+++ Data for processing

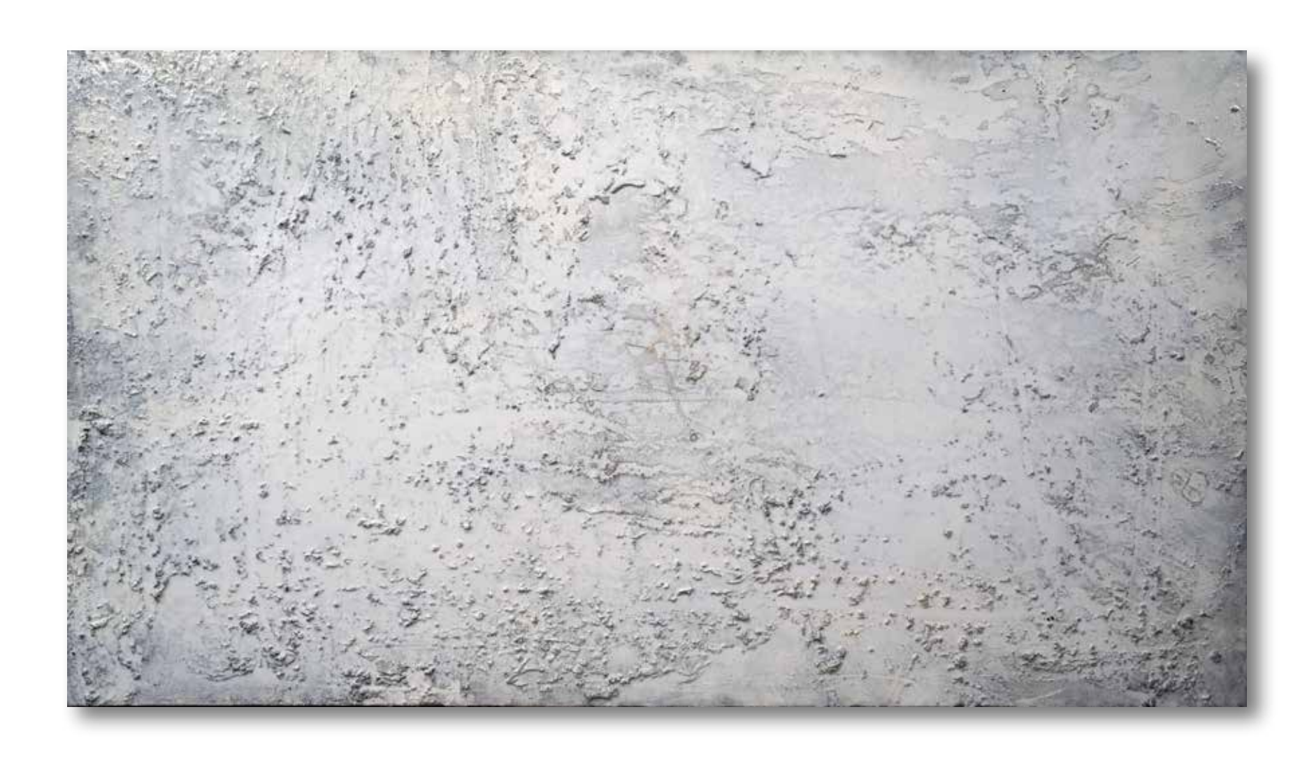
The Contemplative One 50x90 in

++++++
+++ Data for processing

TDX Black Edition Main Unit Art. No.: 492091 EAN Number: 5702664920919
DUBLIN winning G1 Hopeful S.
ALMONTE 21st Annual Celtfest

++++++

* **How to complete this task**
Only one stretch of the data above is needed. Restate it word for word, from the line containing "TDX Black Edition" through the line containing "ALMONTE 21st Annual Celtfest", both ends included.

* **Your response**
TDX Black Edition Main Unit Art. No.: 492091 EAN Number: 5702664920919
DUBLIN winning G1 Hopeful S.
ALMONTE 21st Annual Celtfest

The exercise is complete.